US educational technology company Chegg has filed a lawsuit against Google over its artificial intelligence-generated overviews, arguing they reduce demand for human-generated content and undermine publishers’ ability to compete with AI tools.
In the lawsuit, filed in Washington DC, Chegg said Google’s overviews were making use of publishers’ content to keep traffic on its own site, removing publishers’ financial incentives and damaging the “information ecosystem”.
The search giant’s practices will eventually lead to a “hollowed-out information ecosystem of little use and unworthy of trust”, Chegg argued.
AI overviews
The lawsuit came after Chegg reported a sharp loss in subscribers and revenue in the fourth quarter, which the company attributed in part to Google’s AI Overviews, or AIO.
“2024 came with a series of challenges, including the rapid evolution of the content landscape, particularly the rise of Google AIO, which has had a profound impact on Chegg’s traffic, revenue, and workforce,” said Chegg chief executive Nathan Schultz in a statement.
“Unfortunately, traffic is being blocked from ever coming to Chegg because of Google AIO and their use of Chegg’s content to keep visitors on their own platform,” Schultz added.

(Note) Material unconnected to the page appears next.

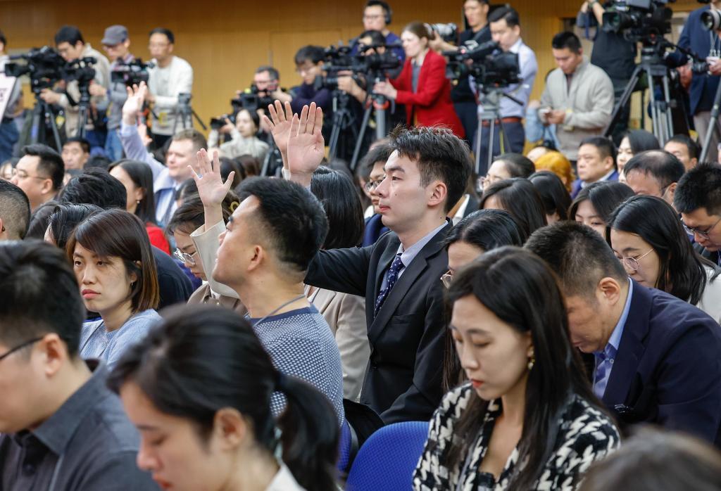 3月6日,十四屆全國(guó)人大三次會(huì)議在北京梅地亞中心新聞發(fā)布廳舉行記者會(huì)。國(guó)家發(fā)展和改革委員會(huì)主任鄭柵潔、財(cái)政部部長(zhǎng)藍(lán)佛安、商務(wù)部部長(zhǎng)王文濤、中國(guó)人民銀行行長(zhǎng)潘功勝、中國(guó)證券監(jiān)督管理委員會(huì)主席吳清就發(fā)展改革、財(cái)政預(yù)算、商務(wù)、金融證券等相關(guān)問題回答中外記者提問。這是記者舉手提問。
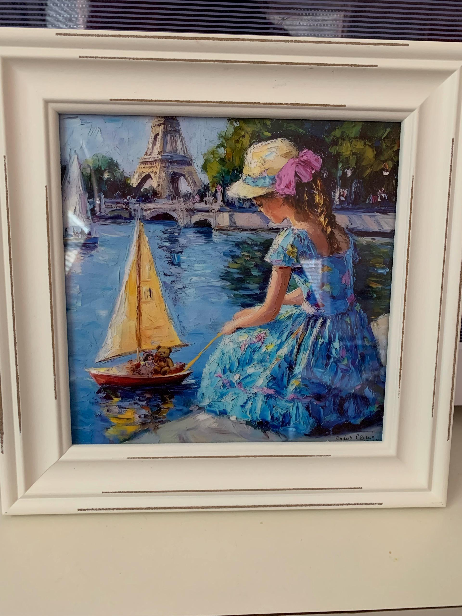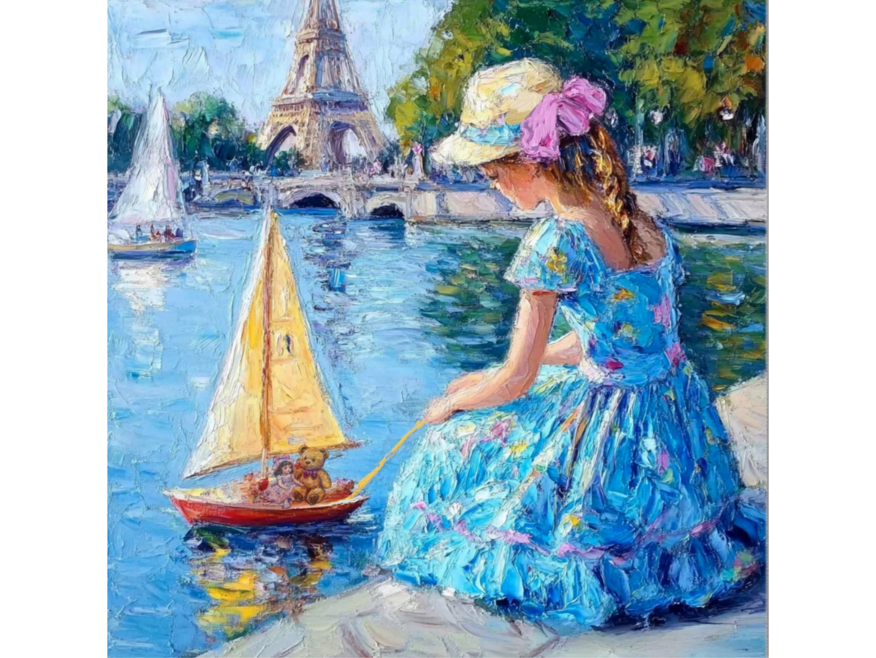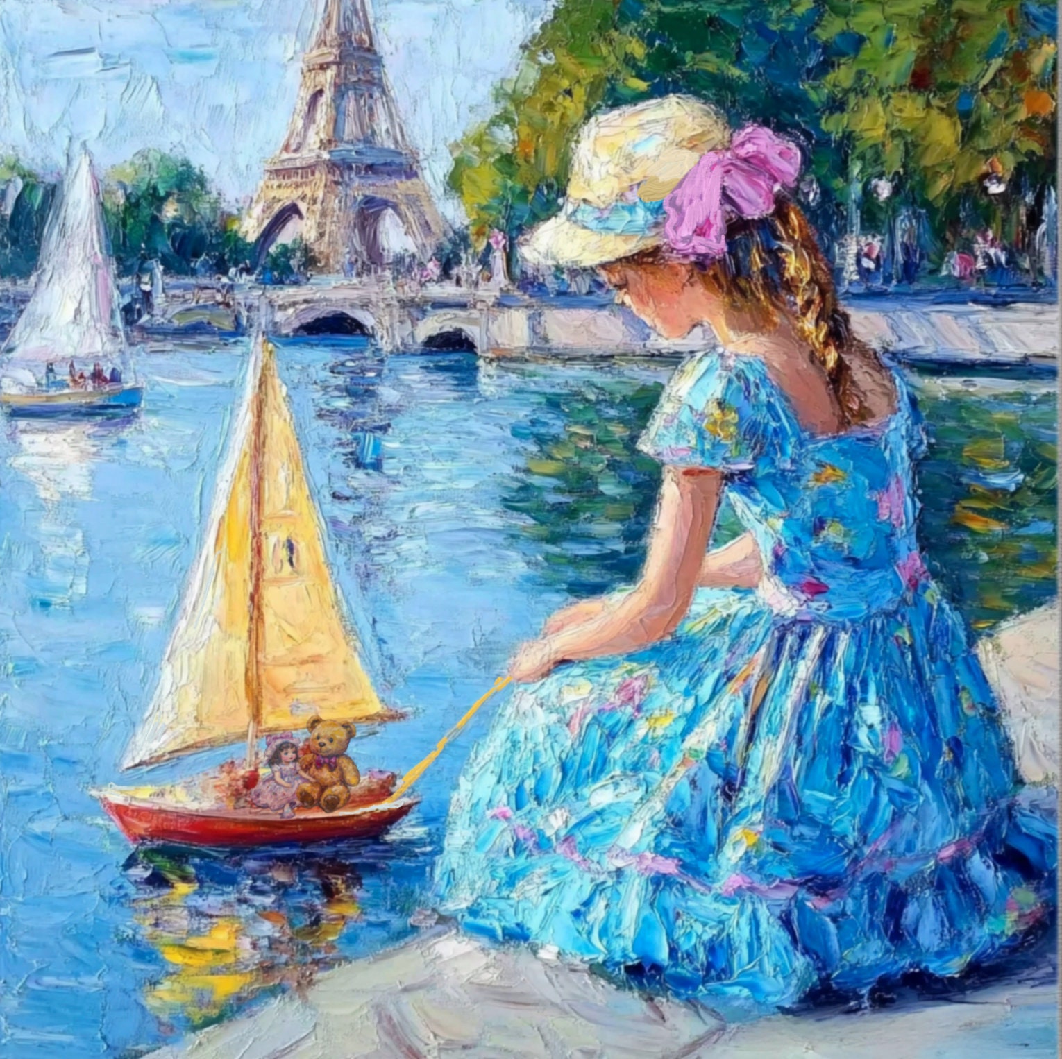 Grandmillennial art, Sailing on the Seine, whimsical fine art

Chegg reported a drop of 23 percent in subscription services revenue and a 21 percent drop in the number of paid subscribers over a year earlier.
As part of a strategic review announced with the latest results, Chegg said it would consider options including a sale of the company, a transaction to go private or remaining as a publicly traded standalone firm.

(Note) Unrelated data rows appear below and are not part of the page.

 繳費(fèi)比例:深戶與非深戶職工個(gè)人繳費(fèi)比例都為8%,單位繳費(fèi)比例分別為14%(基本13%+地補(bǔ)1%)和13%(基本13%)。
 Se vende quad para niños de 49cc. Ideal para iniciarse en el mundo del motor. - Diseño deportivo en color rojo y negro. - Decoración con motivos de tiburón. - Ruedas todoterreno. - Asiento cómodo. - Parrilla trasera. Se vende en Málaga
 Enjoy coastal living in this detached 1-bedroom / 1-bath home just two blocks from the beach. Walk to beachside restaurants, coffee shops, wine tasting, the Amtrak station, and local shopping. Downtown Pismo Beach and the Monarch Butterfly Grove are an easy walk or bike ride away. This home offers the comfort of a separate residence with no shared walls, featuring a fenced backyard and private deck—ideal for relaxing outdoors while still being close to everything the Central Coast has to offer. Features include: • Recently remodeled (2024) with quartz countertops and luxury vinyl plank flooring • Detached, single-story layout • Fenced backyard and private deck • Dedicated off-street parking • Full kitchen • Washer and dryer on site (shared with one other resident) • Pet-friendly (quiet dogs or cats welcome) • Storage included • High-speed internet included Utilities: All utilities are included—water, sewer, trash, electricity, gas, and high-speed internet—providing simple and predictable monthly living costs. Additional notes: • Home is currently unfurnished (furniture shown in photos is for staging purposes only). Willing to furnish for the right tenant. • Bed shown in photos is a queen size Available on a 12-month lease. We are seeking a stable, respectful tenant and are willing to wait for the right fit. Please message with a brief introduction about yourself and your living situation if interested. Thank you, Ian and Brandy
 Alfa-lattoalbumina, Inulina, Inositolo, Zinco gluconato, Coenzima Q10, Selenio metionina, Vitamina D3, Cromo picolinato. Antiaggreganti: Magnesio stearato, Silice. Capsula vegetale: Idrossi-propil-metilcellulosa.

On Monday the company’s shares were trading at 98 percent below their peak in 2021.
Schultz said the lawsuit was about “the digital publishing industry, the future of internet search, and about students losing access to quality, step-by-step learning in favor of low-quality, unverified AI summaries”.
Chegg argued Google is violating the law by using coercion to force publishers to allow it to access their content, without providing them traffic in return.
Competition law
The lawsuit claims Google is violating a law that prohibits the conditioning of the sale of one product on the customer selling or giving the supplier another product.
An Arkansas newspaper made similar claims against Google in a class action lawsuit on behalf of the news industry in 2023, which Google has said it will appeal.
Google was found last year to have violated antitrust law through its search engine practices, with remedies yet to be determined.
Tech firms have been rushing to build out AI tools that can generate content automatically, but these must be trained on huge amounts of human-generated content.
As AI-generated content proliferates online, researchers say it could end up being used in AI training, degrading the quality of the AI-generated content.
A Cornell University study published in May 2023 found that the “use of model-generated content in training causes irreversible defects in the resulting models, where tails of the original content distribution disappear”.
The researchers termed the phenomenon “model collapse”.